Brouwer had opened a pottery studio, Middle Lane Pottery, in East Hampton in 1894, where he developed a new technique of pottery making called “fire painting” that burnished a glaze on his pottery with a kaleidoscope of colors and an iridescent glossy surface.

He moved his pottery studio to Westhampton in 1902, renaming it Brouwer Pottery, and constructed the castle in the mold of a real — and presumably much larger — castle he’d seen while studying in Spain. He created a sculpture garden on the surrounding property, which he called Pine-Wold Park.

In 1928, the Basso family opened Mama Basso’s restaurant in a new waterfront building next door to Brouwer’s castle, their customers entering the property beneath the extended rapiers of two ceramic cavaliers created by Brouwer and posed as ready to duel.

Brouwer died in 1932, but his artwork remains highly valuable today, and his works are included in the collections of the Museum of Modern Art and the Metropolitan Museum of Art, as well as the Smithsonian Institution.

The Basso family sold the restaurant in the mid-1950s to Valerio “Rene” Mondini, who paid homage to his predecessors in the name for his restaurant, Rene’s Casa Basso.

Mondini ran the business until 1986, when he sold it to longtime employee Bejto Bracovic and his wife, Zyli “Julie” Bracovic, who ran the restaurant until this year. Casa Basso hosted its last dinner service last month.

“The castle is a historical, iconic and inspirational site in the Town of Southampton for over 120 years, and continues to contribute to the local and cultural landscape and is an important opportunity for historic preservation,” the town’s pitch for the purchase of the land says.

The money for the $4 million purchase of the land would come from the Community Preservation Fund and would satisfy the goals of the CPF program for historic preservation, open space preservation and expanding recreational resources in the town.

The property would be dedicated as a park, with the mission of creating public water access, preserving tidal marsh wetlands in the town’s designated Wetlands Target Area, which includes more than 1,000 properties identified as desirable for acquisition to protect or restore tidal wetlands ecosystems and to improve storm resiliency.

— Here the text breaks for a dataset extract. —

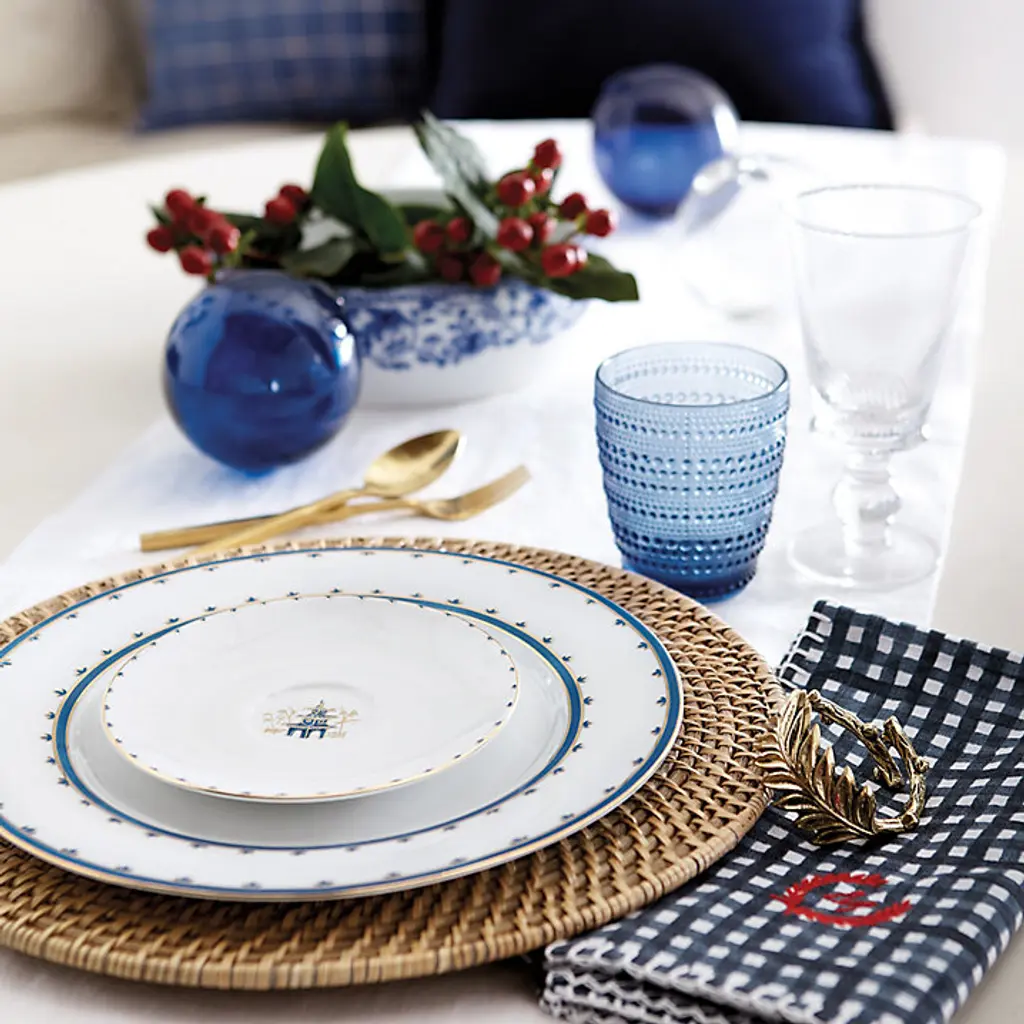 Chinoiserie is one our favorite trends and our Ming Chinoiserie Dinner Plates are a pretty way to layer in the look. Designed by our own in-house artist, the classic pattern is hand embellished with golden accents. Ming Chinoiserie Dinner Plate features:

The town has not said how the castle building — currently home to Jerri’s Cakery & Confections, a gourmet artisan cakes bakery — would be used once owned by the town, but the purchase proposal notes that the dedication of CPF funding would include future management and stewardship costs.

Park, Preserved Farmland for East Quogue

The town is also considering using the CPF to make other multimillion-dollar purchases this month to create a new 15-acre public park and to preserve 10 acres of farmland off Lewis Road in East Quogue.

The deal would preserve three properties totaling 25.1 acres off Lewis Road that the town is looking to purchase portions of outright and to remove all development rights on the remainder to keep the land as working farmland.

The town would pay the current owner of the land, Adrian Cenni, $5.48 million in total: $3.95 million for the outright purchase of 15 Lewis Road, a 15.3-acre, mostly wooded property and $765,000 each for the two farmland parcels at 17 and 19 Lewis Road, which total 9.8 acres.

A house on the 15 Lewis Road property would be demolished before the sale is completed and the property, would be made into a public park with hiking trails leading into the property and around a large man-made pond at its center. The property contains a nest used annually by bald eagles.

The development rights purchase on the two farmland lots would be a so-called “enhanced rights” purchase that puts legal easements over the property allowing it to only be used for food crops and requiring that it be actively farmed.

By putting such stringent limitations on the use of the land, the enhanced rights program, which the town began in 2014, aims to reduce the market value of land to prices as low as $25,000 an acre, so that working farmers can afford to purchase it.

Jacqueline Fenlon, the town’s CPF program manager, said that the town is already working with the Peconic Land Trust to identify a local farmer who could purchase the underlying farmland from Cenni once the town has purchased the development rights.